It started with a question that bothered every single engineer and every regulator who saw blockchain become popular. The question was this.Can we really have privacy and follow real world rules on a ledger like blockchain? This is a deal, for blockchain.
In a world where financial markets move trillions daily, where institutions must balance confidentiality and transparency, the answer seemed elusive
When we are not paying attention to the numbers and all the ups and downs of the stock market that is where the real work of systems takes place. Most of the time people talk about Dusk and the bigger group of finance systems they focus on ideas. People talk about Dusk.
Things like being able to control your privacy or following the rules that big institutions have to follow. They make it sound like these are things that you can just turn on or off but that is not the case, with Dusk and decentralized finance systems. Dusk and decentralized finance systems are not that easy to understand.
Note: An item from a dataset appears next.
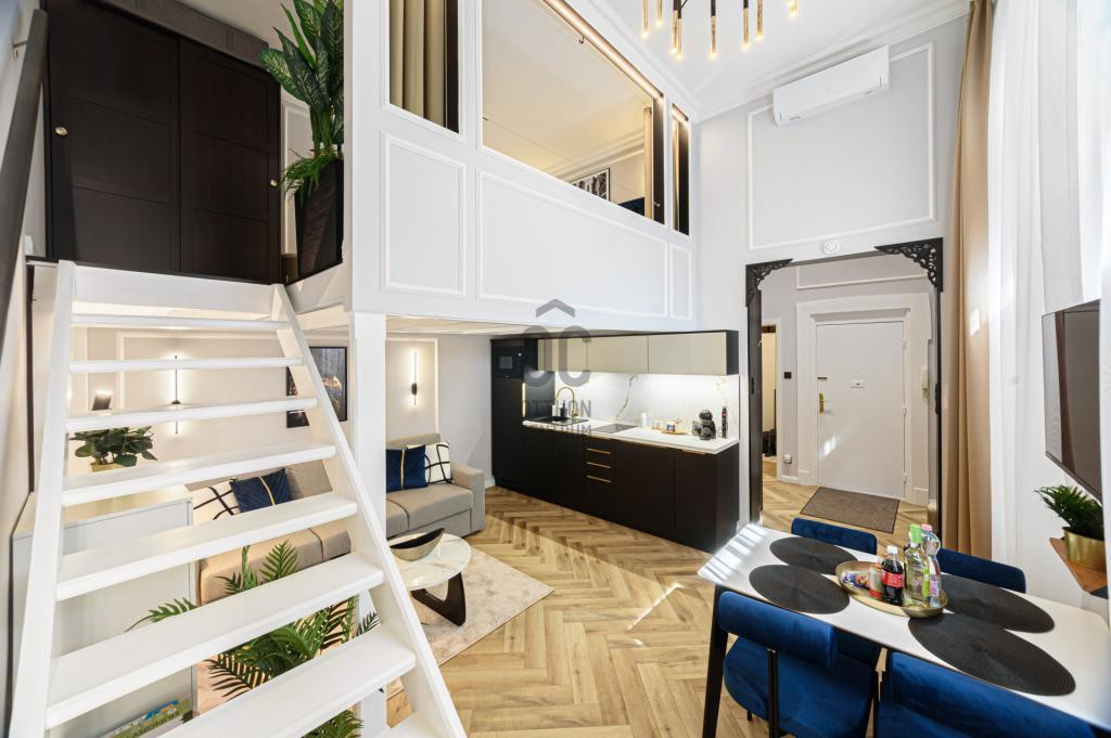 Eladó egy igényesen felújított és teljesen berendezett, 36 m² alapterületű plusz 10 m² állógalériás lakás Budapest egyik legkeresettebb, mégis csendes részén, a Liszt Ferenc tér közelében. A hasznos alapterület összesen 46 m²

When you look at things from the point of view of a systems engineer these things are not features. They are decisions about how the system is built. When we look at technical systems over a long period of time we see that the ideas that seem the best at first often do not work well in the long run because of the problems that come up when they are actually being used.
Most of the talk, about adoption is missing a big problem. The traditional finance system just cannot use a ledger where everyone can see all the information. Imagine a bank having to broadcast every client's sensitive trade data to the entire world just to settle a transaction. It’s a non-starter. But that’s where Dusk gets interesting. They are not just building another fast L1—they are building a professional-grade environment where privacy and compliance actually coexists.